Below, find the line containing "Base 月活用户数据,数据来源:Tokenterminal" and the line containing "T-Mobile Sidekick 4G"; reproduce exactly those two and every line between them, omitting pictures.

*Dataset extract*

::::

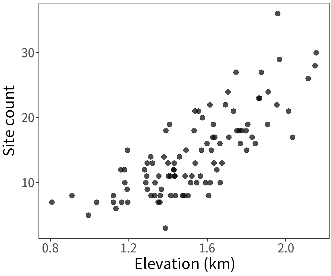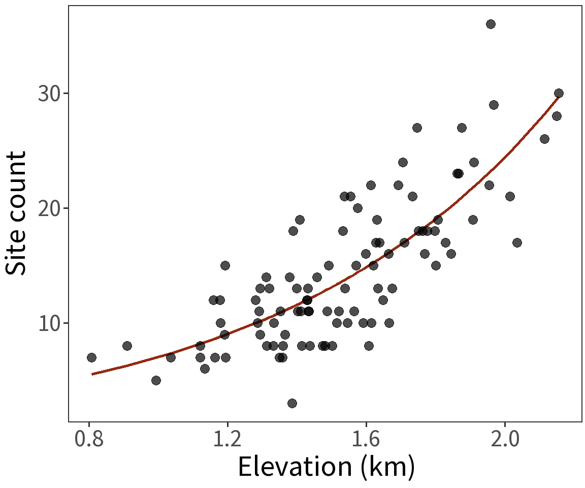 For a one unit increase in elevation, the count of sites increases by 3.4701.
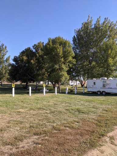 Great little "gem" along I-94 to stop for the night. Quiet, small town park and a $15.00 fee. Water and electric. We stopped on a Friday late afternoon and were lucky enough to have a few baseball games being played for our entertainment. We camped in a 40 foot fifth wheel.
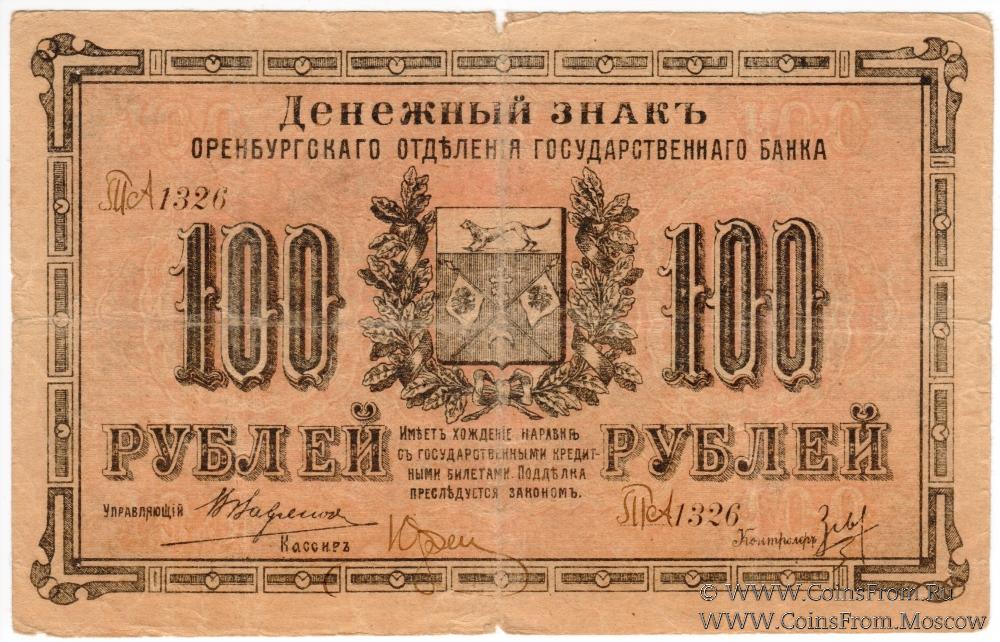 Денежный знак 1917 г. Серии 700-1400. Кассир: Юрин Г.В. С разрешения местной власти (атаман Дутов А.И.).
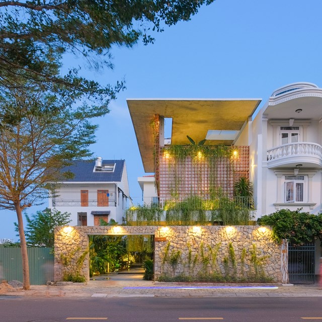 "Freedom House" tọa lạc giữa lòng thành phố Nha Trang xinh đẹp. Dự án được hoàn thành trong 1 năm với diện tích 240m². Ngôi nhà mang phong cách giao thoa giữa kiến trúc nhiệt đới đương đại và kiến trúc nhiệt đới bản địa truyền thống trong bối cảnh môi trường đô thị và văn hóa sống hiện đại.Vật liệu xây nhà là những loại phổ biến trên thị trường kết hợp với vật liệu địa phương như gỗ, đá tự nhiên hoặc vật liệu thủ công như đá mài.Nhìn từ bên ngoài cũng có thể thấy ngôi nhà "xanh" đến thế nào. Rất nhiều loại cây từ cây ăn quả, cây cảnh đến các loài hoa được trồng khắp nơi trong khuôn viên nhà.Hồ cá Koi cạnh nhà giúp điều hòa nhiệt độ. Đây cũng là khu vực để cả gia đình ngồi trò chuyện và thư giãn khi rảnh rỗi. Thiết kế sử dụng giàn lưới 3D cách điệu từ chi tiết lam chắn nắng của nhà truyền thống, tạo thành khung giàn cho dây leo phát triển tạo thành một "bức rèm xanh" làm giảm bức xạ nhiệt, tăng thêm độ mát mẻ cho mái ấm của gia chủ.Khoảng sân rộng lớn rợp bóng cây là nơi vui chơi của các con. Phòng khách bài trí đơn giản giúp cho không gian có chiều sâu và thoáng đãng hơn.Cửa phòng khách được thiết kế chạm trần, mở ra khoảng không rộng lớn để đón ánh sáng tối đa, kết nối con người với thiên nhiên. Bàn ăn và khu bếp liền kề với phòng khách, phá bỏ giới hạn, kéo gần các thành viên lại với nhau qua các hoạt động thường ngày. Không gian trải rộng trên cùng một mặt phẳng gia tăng đối lưu không khí và thông gió tự nhiên cho ngôi nhà trong môi trường nhiệt đới ẩm của Nha Trang.Tủ bếp chủ yếu sử dụng chất liệu gỗ. Ánh sáng đèn vàng làm tăng thêm sự ấm cúng cho mỗi bữa cơm gia đình.Giếng trời và cây xanh được bố trí phía trên cầu thang gỗ dẫn lên tầng 2.Hành lang và cầu thang tràn ngập ánh nắng tự nhiên từ giếng trời.Tầng 2 là phòng ngủ của gia đìnhLối đi nhỏ giữa hai phòng ngủ đóng vai trò như vật liên kết, thu nhỏ khoảng cách giữa các thành viên trong gia đình. Cửa phòng ngủ dùng hệ cửa đẩy kiểu Nhật giúp tiết kiệm diện tích hơn so với cửa thông thường, tạo hiệu ứng không gian rộng rãi. Ban công ngăn cách với phòng ngủ bằng hệ thống cửa sát đất rộng lớn để đón nắng và gió giúp nơi nghỉ ngơi của gia chủ luôn thông thoáng. Khu vực khô và ướt của phòng vệ sinh được chia tách bởi một vườn cây nhỏ.Mọi ngóc ngách của ngôi nhà đều tràn ngập ánh nắng tự nhiên và cây xanh.
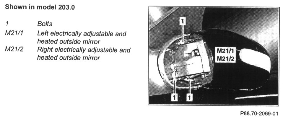 NOTE: Left electrically adjustable and heated outside rearview mirror (M21/1), right (M21/2)
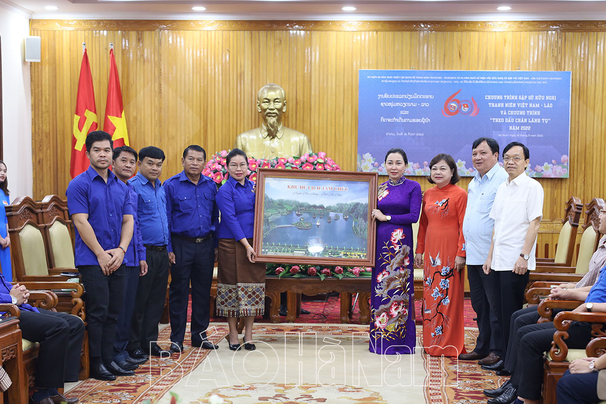 Thay mặt lãnh đạo tỉnh, đồng chí Phó Bí thư Thường trực Tỉnh ủyĐinh Thị Lụa trao tặng bức tranh lưu niệm cho Đoàn đại biểu Đoàn Thanh niên nhân dân cách mạng Lào nhân chuyến thăm và làm việc tại Hà Nam.Đoàn đại biểu Đoàn Thanh niên nhân dân cách mạng Lào trao quà kỷ niệm tặng lãnh đạo tỉnh Hà Nam.
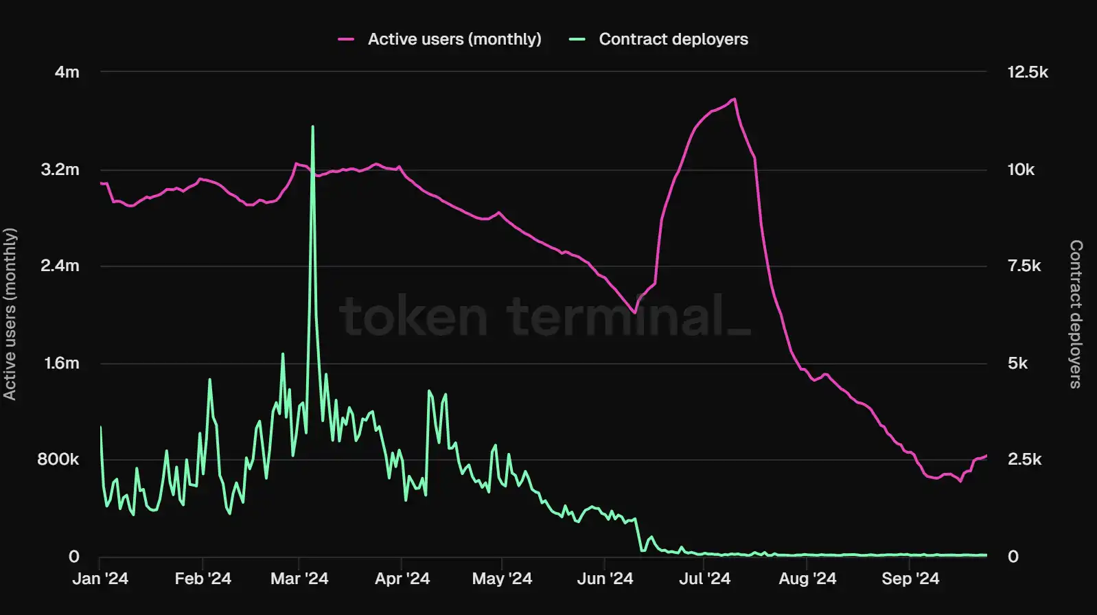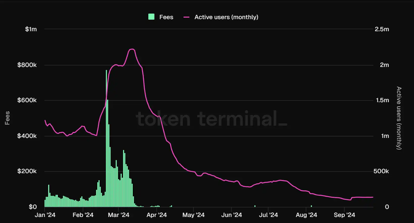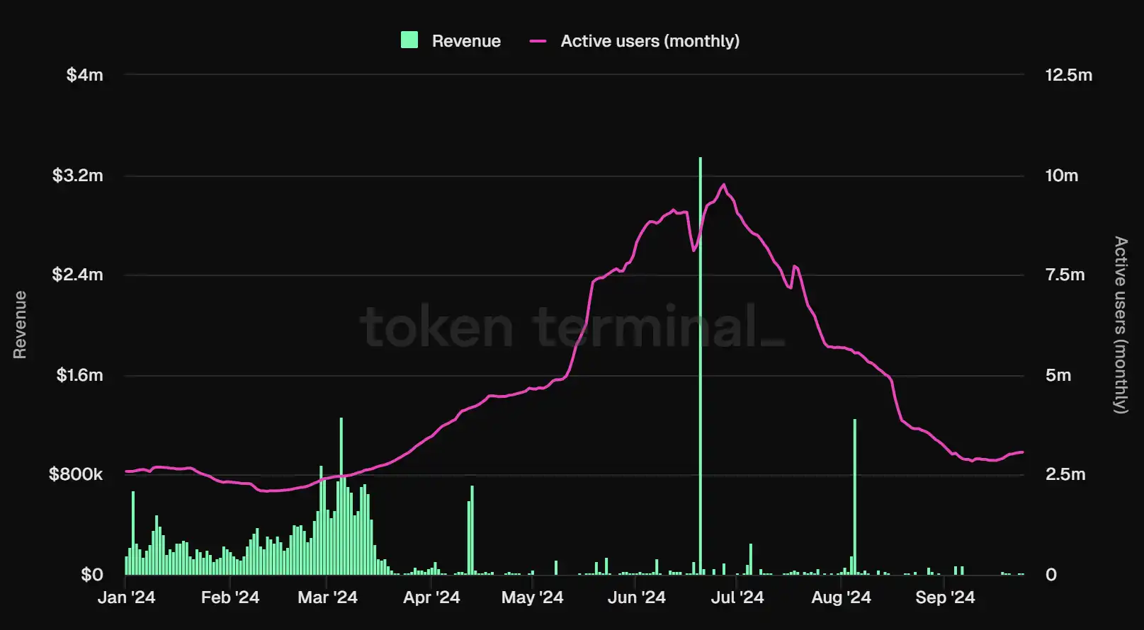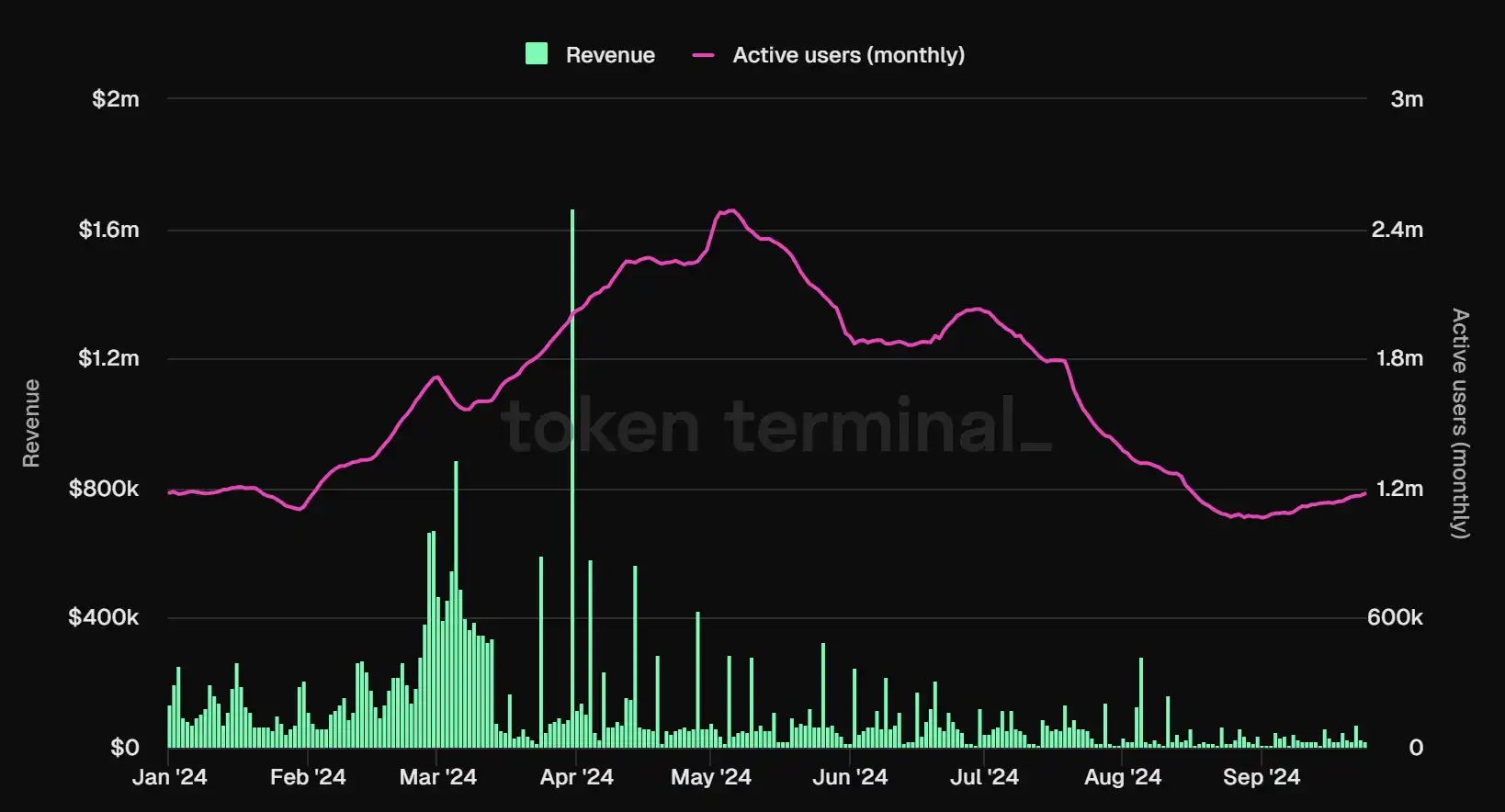 Base 月活用户数据,数据来源:Tokenterminal
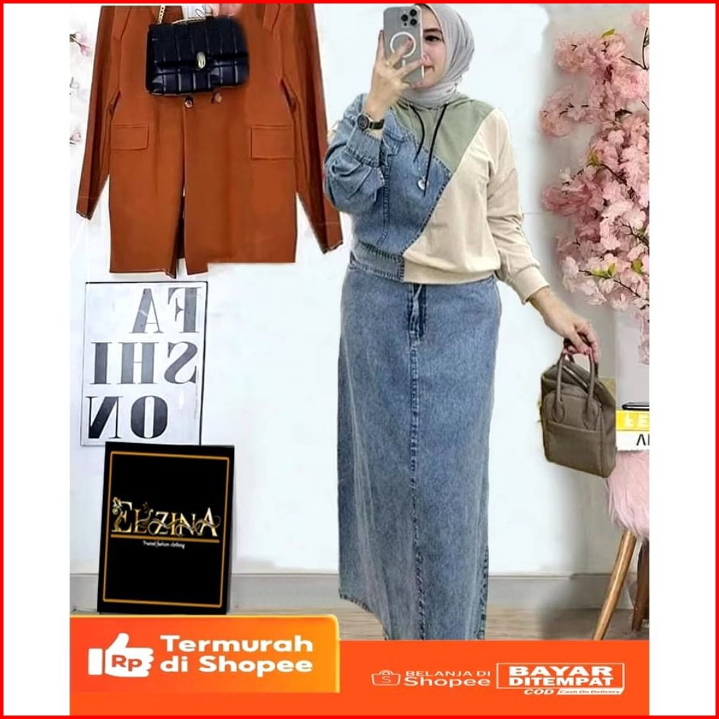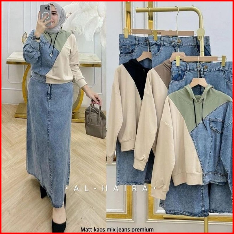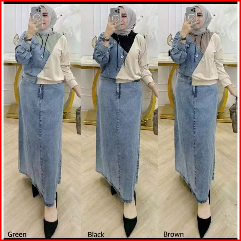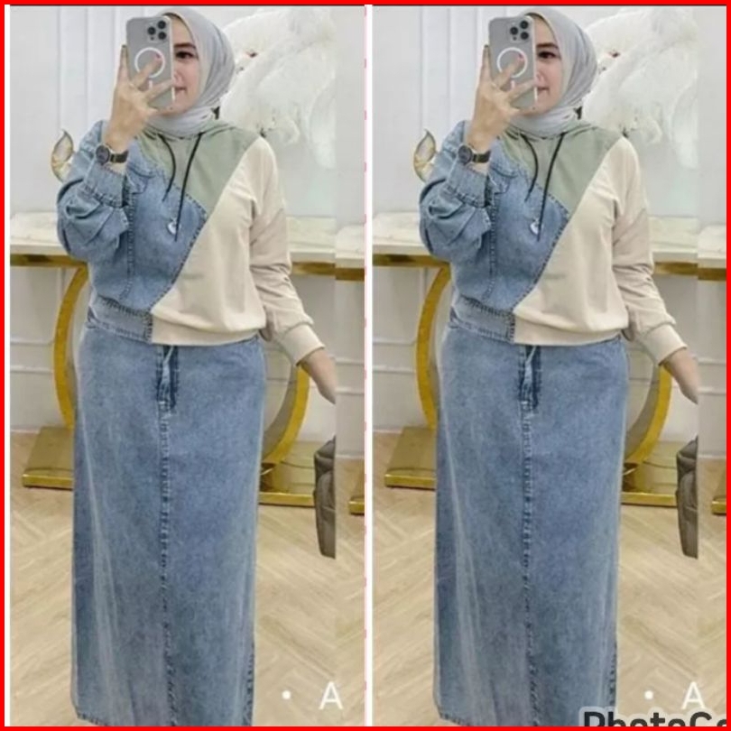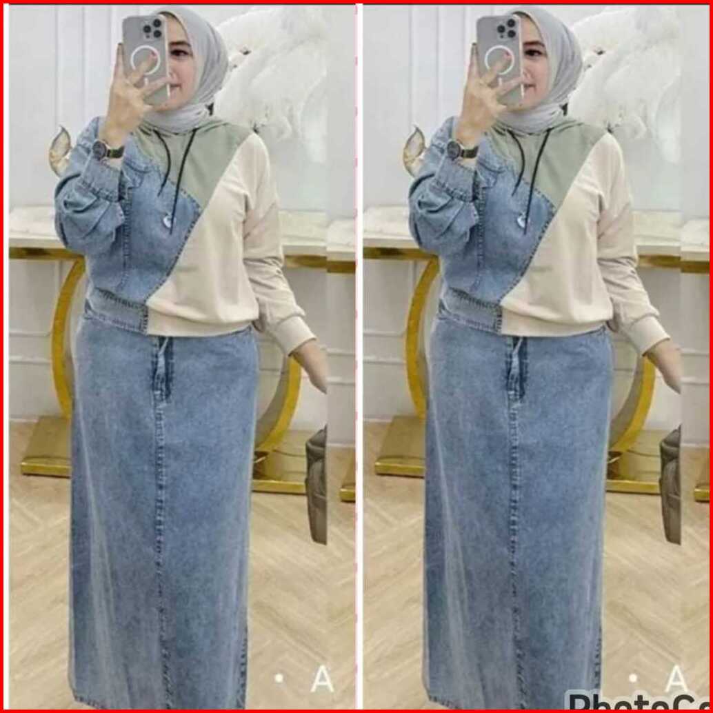 Promo Stelan One Set Mewah Alnami Set Rok Mat Knith Mix Jeans Stelan Atasan Rok Viral Jumbo L -xxl
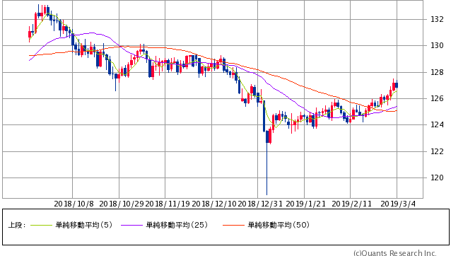 高値128円50銭 / 安値125円25銭
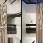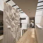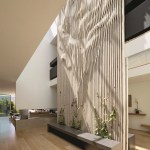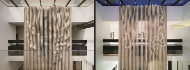 and a reclaimed pine sculpted wood wall that filters and carves light help to reinforce
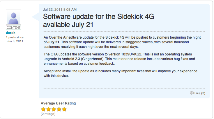 T-Mobile Sidekick 4G owners have been waking up for the past few days to an alert to a software maintenance update that fixes bugs. The update began going out sometime overnight on July 21st and will be delivered in waves over the next few days. This is NOT an Android update to Gingerbread sadly but a maintenance update which will squash some bugs and provide enhancements based on customer feedback. You should accept this update because T-Mobile says it will “improve your experience with the device.”
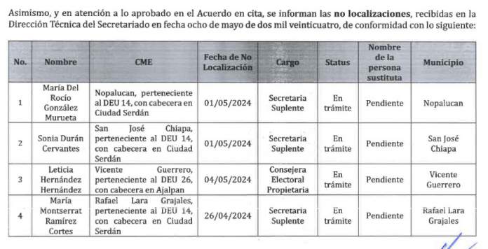 El IEE también informó el 8 de mayo que ya no pudo contactar a una consejera propietaria del municipio de Vicente Guerrero, quien dejó de estar localizable para el instituto desde el 4 de mayo.
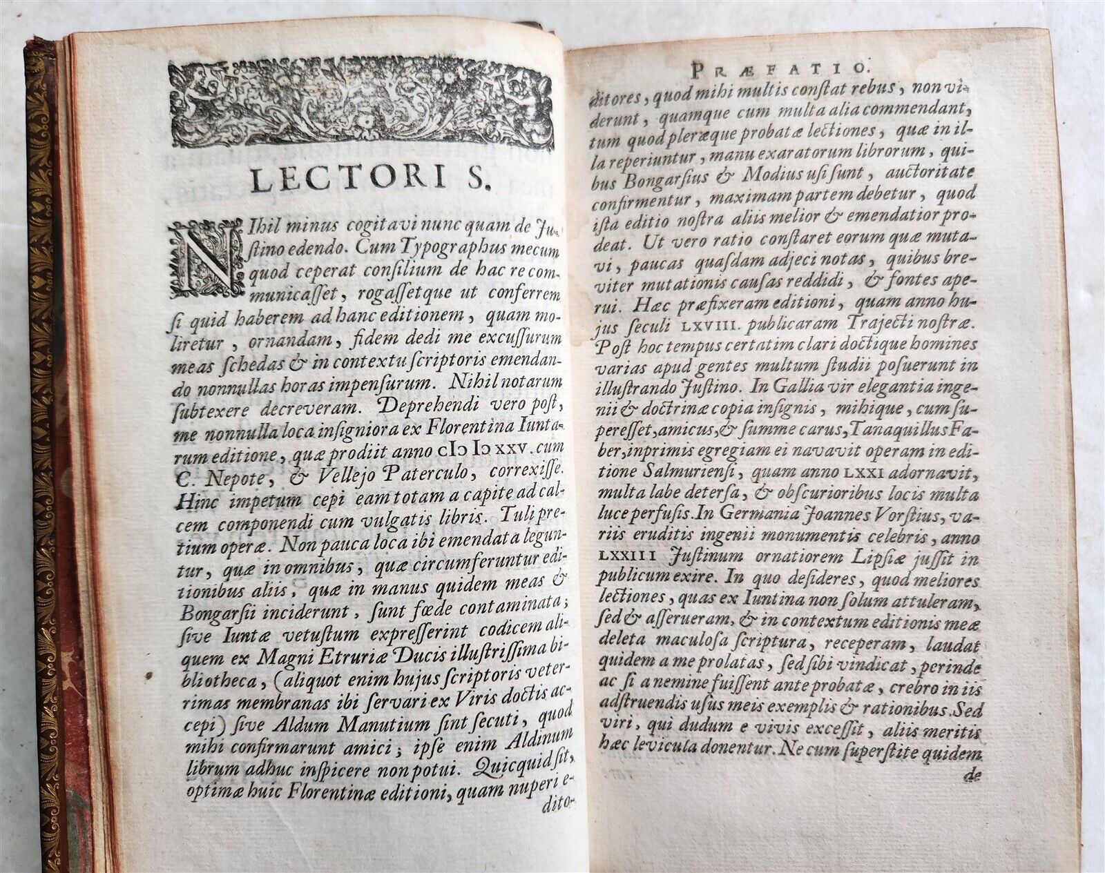 1683 HISTORIAE PHILIPPICAE by JUSTINIUS DECORATIVE BINDING antique

::::

*Exercise solution*
 Base 月活用户数据,数据来源:Tokenterminal
 Promo Stelan One Set Mewah Alnami Set Rok Mat Knith Mix Jeans Stelan Atasan Rok Viral Jumbo L -xxl
 高値128円50銭 / 安値125円25銭
 and a reclaimed pine sculpted wood wall that filters and carves light help to reinforce
 T-Mobile Sidekick 4G owners have been waking up for the past few days to an alert to a software maintenance update that fixes bugs. The update began going out sometime overnight on July 21st and will be delivered in waves over the next few days. This is NOT an Android update to Gingerbread sadly but a maintenance update which will squash some bugs and provide enhancements based on customer feedback. You should accept this update because T-Mobile says it will “improve your experience with the device.”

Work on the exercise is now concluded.